Looking back, with the 50th anniversary year behind you, was it everything you guys were hoping it would be, in terms of both a sort of celebratory year, but also not abandoning your usual programing style?

I think it was. One of the really big things from last year was having so many filmmakers return. Both big names like Oliver Stone — and it was interesting to see the selection of films they wanted to talk about at the festival. And then opening with Liv Ullman's film [Miss Julie], and having Liv here. We premiered all of her films at the festival. Just having a number of people back, a significant number that have been friends of the festival for so long as filmmakers, as actors. Like having Kathleen Turner come back and be president of the jury. Margarethe von Trotta was on the jury as well. And having it be both major U.S. directors coming back as well as international guests returning, and that added to the celebratory aspect.

We had to keep moving forward, of course. We think of ourselves — and one of our main angles is — we're about discovery and new directors and new talents and bringing all of those guests in, as well. I think we had a record number of guests in last year, in part because of the 50th Anniversary. We talked a little bit last year about thinking about the future, and I think we really put more of that in place this year, because last year we were so focused on that year and the past.

Rather than looking at last year as the end of something...

That was something to celebrate and to get through. It's so big. But I think there has never been the sense that "Now we're just going to go back to business as usual." I think having a couple of new people on the programing team, who were with us in some capacity in the past, but being new in their roles as programers has allowed us to expand our ideas for the festival.

Like Industry Days — it's brand new. It's something that I feel like we've slowly been building toward, and it's something I've been talking about wanting to do for a long time, but really having the right person on staff to head it up was key. So over the past 6-7 years, we've really built up the panels that were dispersed throughout the festival, thinking about How do we make sure the panels are serving the local filmmaking community? Sometimes there'll be spotlight panels and some more thematic ones, but we're also thinking about how we can best take advantage of the guests that we're already bringing into town to really create panels that are interesting both to local filmmakers, to student filmmakers, to visiting filmmakers.

So it's really making sure that when the distributors are here, we're doing distribution panels that are not just about "Meet the Distributors," but that are talking about something that's useful for those attending, because meeting them is useful. It's proven useful. Distribution deals have come out of it. It becomes about How do we connect better to what's happening in Chicago besides just presenting local filmmakers' films in our City & State program?

Which seems really amped up this year, bigger than I've ever seen it.

Oh, it's at least twice as big.

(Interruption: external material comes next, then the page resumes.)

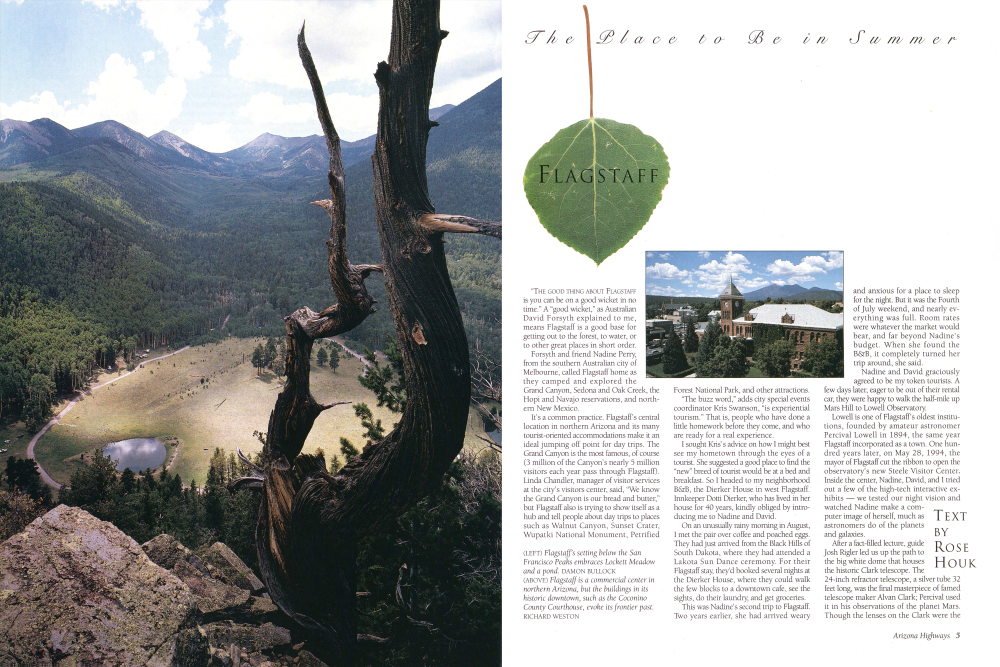 "THE GOOD THING ABOUT FLAGSTAFF is you can be on a good wicket in no time." A "good wicket," as Australian David Forsyth explained to me, means Flagstaff is a good base for getting out to the forest, to water, or to other great places in short order. Forsyth and friend Nadine Perry, from the southern Australian city of Melbourne, called Flagstaff home as they camped and explored the Grand Canyon, Sedona and Oak Creek, the Hopi and Navajo reservations, and northern New Mexico. It's a common practice. Flagstaff's central location in northern Arizona and its many tourist-oriented accommodations make it an ideal jumping off point for day trips. The Grand Canyon is the most famous, of course (3 million of the Canyon's nearly 5 million visitors each year pass through Flagstaff). Linda Chandler, manager of visitor services at the city's visitors center, said, "We know the Grand Canyon is our bread and butter," but Flagstaff also is trying to show itself as a hub and tell people about day trips to places such as Walnut Canyon, Sunset Crater, Wupatki National Monument, Petrified Forest National Park, and other attractions. "The buzz word," adds city special events coordinator Kris Swanson, "is experiential tourism." That is, people who have done a little homework before they come, and who are ready for a real experience. I sought Kris's advice on how I might best see my hometown through the eyes of a tourist. She suggested a good place to find the "new" breed of tourist would be at a bed and breakfast. So I headed to my neighborhood B&B, the Dierker House in west Flagstaff. Innkeeper Dotti Dierker, who has lived in her house for 40 years, kindly obliged by introducing me to Nadine and David.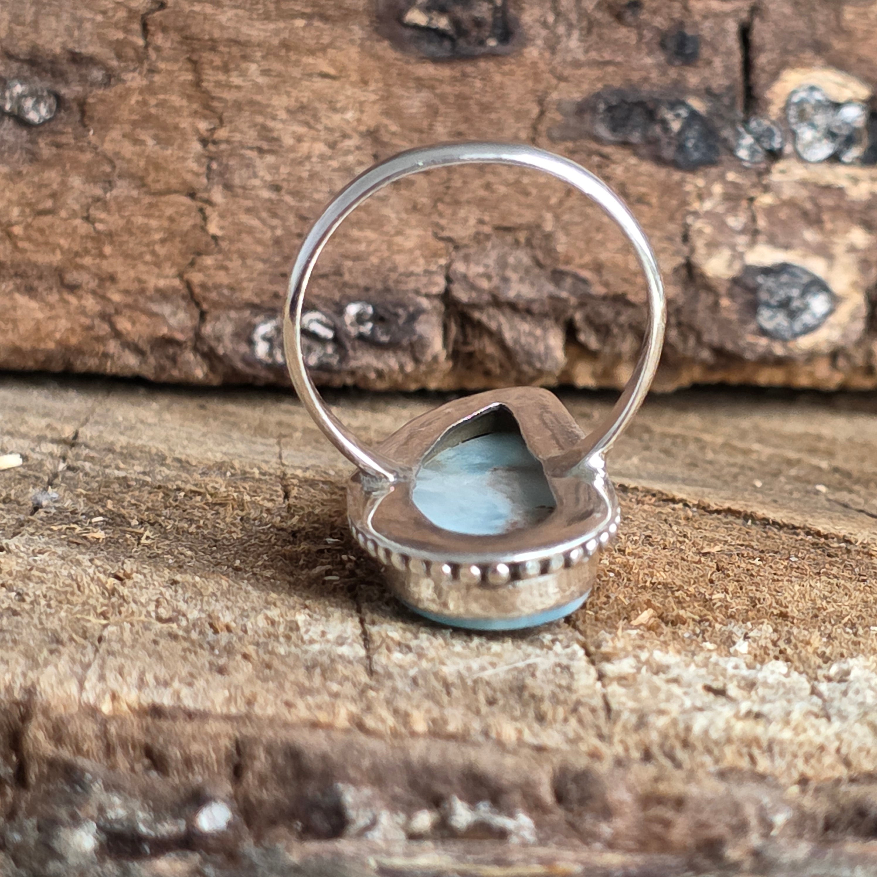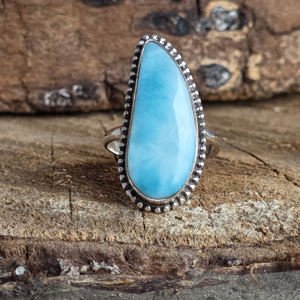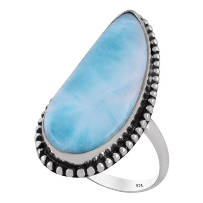 Un inel spectaculos din argint 925, cu larimar natural într-o tăietură alungită ce pune în valoare nuanțele sale de albastru-turcoaz. Designul rawa work, lucrat manual, adaugă profunzime și textură, transformând fiecare reflex într-o invitație la calm și claritate.

One of the other things I think was key was concentrating it over a four-day period and having everybody in town all around the same time. We're going to have some people with distribution companies in different parts of the festival as well, but really bringing a big group of influential industry people to Chicago at the same time, and then inviting the Chicago community to help us put it together. [The Independent Filmmaker Project is] presenting one of the panels; we're doing a pitch session with IFP. Also working with Studio 18 — it's over in Cinespace [Chicago Film Studios], and they're really about servicing the local industry and doing a lot of advising and helping with pre- and post-production.

There's always been such an interesting independent community here, but we know so many filmmakers who started out here, but there's just not enough industry here for them to stay if they want to move on. There are some, of course, who have stayed, like [Joe and Kris Swanberg].[Director] Stephen Cone is here still and has been making stuff consistently, and so many others have too, but a lot of people have left. Now with so much television production, it means that when filmmakers aren't making their films, they can get work. I think it's really boosting local film production as well.

So you used the 50th year as a reason to — I wouldn't go so far as to say reinvent the festival, but I'm noticing more differences this year than I think I ever have from one year to the next.

Industry Days is the big thing. The intention, even before we hired Anthony or the other programers, was that 51 has to be about something new, without abandoning who we are. Let's keep the good things in place, but what can we build on that we think is important as a festival and being located particularly in Chicago? What can we strengthen, or build on, or do that's new that will be meaningful, and not just doing something new to do it?

So the second big thing this year was the spotlight. For the last four years, the spotlights have been on regions. At the end of the festival last year, we were approached immediately by the [Chicago Architecture] Biennial about being the film partner, and it's another funny thing where we've always talked about: "One year, it would be really interesting to do something around architecture, because Chicago is such a great architecture city." And this was obviously the year to do it because of the Biennial. It was the excuse to do something we've been talking about for a while now.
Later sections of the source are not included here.